From Wikipedia, the free encyclopedia

Informally, a measure has the property of being monotone in the sense that if A is a subset of B, the measure of A is less than or equal to the measure of B. Furthermore, the measure of the empty set is required to be 0.
Informally, a measure has the property of being monotone in the sense that if A is a subset of B, the measure of A is less than or equal to the measure of B. Furthermore, the measure of the empty set is required to be 0.

In mathematical analysis, a measure on a set is a systematic way to assign a number to each suitable subset of that set, intuitively interpreted as its size. In this sense, a measure is a generalization of the concepts of length, area, and volume. A particularly important example is the Lebesgue measure on a Euclidean space, which assigns the conventional length, area, and volume of Euclidean geometry to suitable subsets of the n-dimensional Euclidean space Rn. For instance, the Lebesgue measure of the interval [0, 1] in the real numbers is its length in the everyday sense of the word, specifically, 1.

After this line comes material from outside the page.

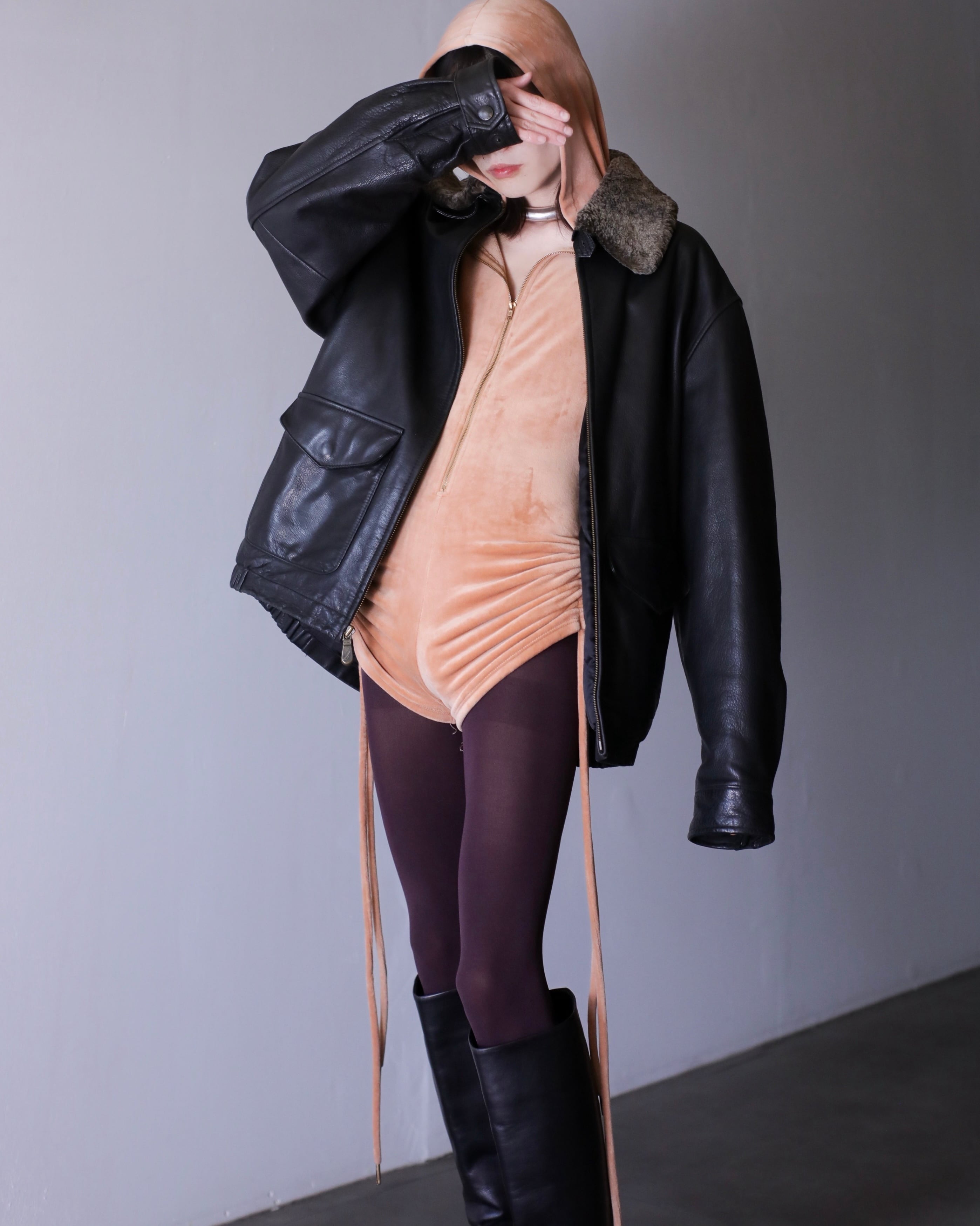 NAUTICA nameraka leather "eri fur" switching design blouson oversized

Technically, a measure is a function that assigns a non-negative real number or +∞ to (certain) subsets of a set X (see Definition below). It must further be countably additive: the measure of a 'large' subset that can be decomposed into a finite (or countably infinite) number of 'smaller' disjoint subsets is equal to the sum of the measures of the "smaller" subsets. In general, if one wants to associate a consistent size to each subset of a given set while satisfying the other axioms of a measure, one only finds trivial examples like the counting measure. This problem was resolved by defining measure only on a sub-collection of all subsets; the so-called measurable subsets, which are required to form a σ-algebra. This means that countable unions, countable intersections and complements of measurable subsets are measurable. Non-measurable sets in a Euclidean space, on which the Lebesgue measure cannot be defined consistently, are necessarily complicated in the sense of being badly mixed up with their complement.[1] Indeed, their existence is a non-trivial consequence of the axiom of choice.

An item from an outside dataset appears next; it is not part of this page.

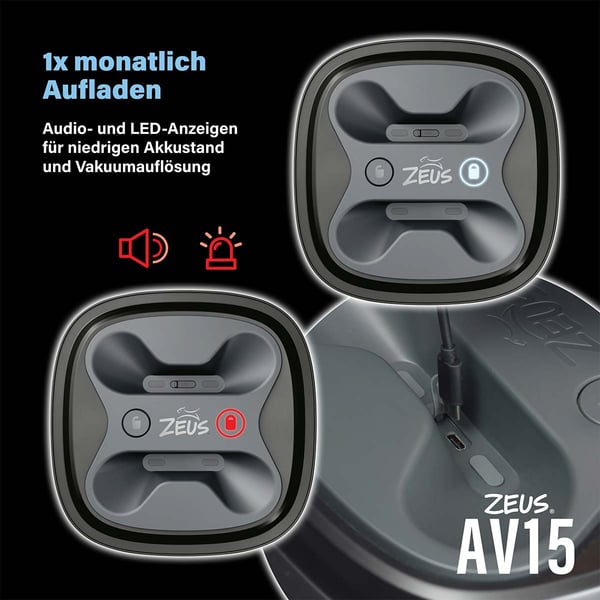 Der Zeus AV15 überzeugt durch seine benutzerfreundlichen Bedienelemente und die Möglichkeit, ihn sowohl am Stromnetz angeschlossen als auch autark zu betreiben. Mit einer Akkulaufzeit von bis zu 36 Tagen ist er flexibel einsetzbar. Die integrierten Audio- und LED-Anzeigen informieren dich rechtzeitig über den Batteriestand und die Vakuumauflösung, sodass du stets den Überblick behältst.

Measure theory was developed in successive stages during the late 19th and early 20th centuries by Émile Borel, Henri Lebesgue, Johann Radon, and Maurice Fréchet, among others. The main applications of measures are in the foundations of the Lebesgue integral, in Andrey Kolmogorov's axiomatisation of probability theory and in ergodic theory. In integration theory, specifying a measure allows one to define integrals on spaces more general than subsets of Euclidean space; moreover, the integral with respect to the Lebesgue measure on Euclidean spaces is more general and has a richer theory than its predecessor, the Riemann integral. Probability theory considers measures that assign to the whole set the size 1, and considers measurable subsets to be events whose probability is given by the measure. Ergodic theory considers measures that are invariant under, or arise naturally from, a dynamical system.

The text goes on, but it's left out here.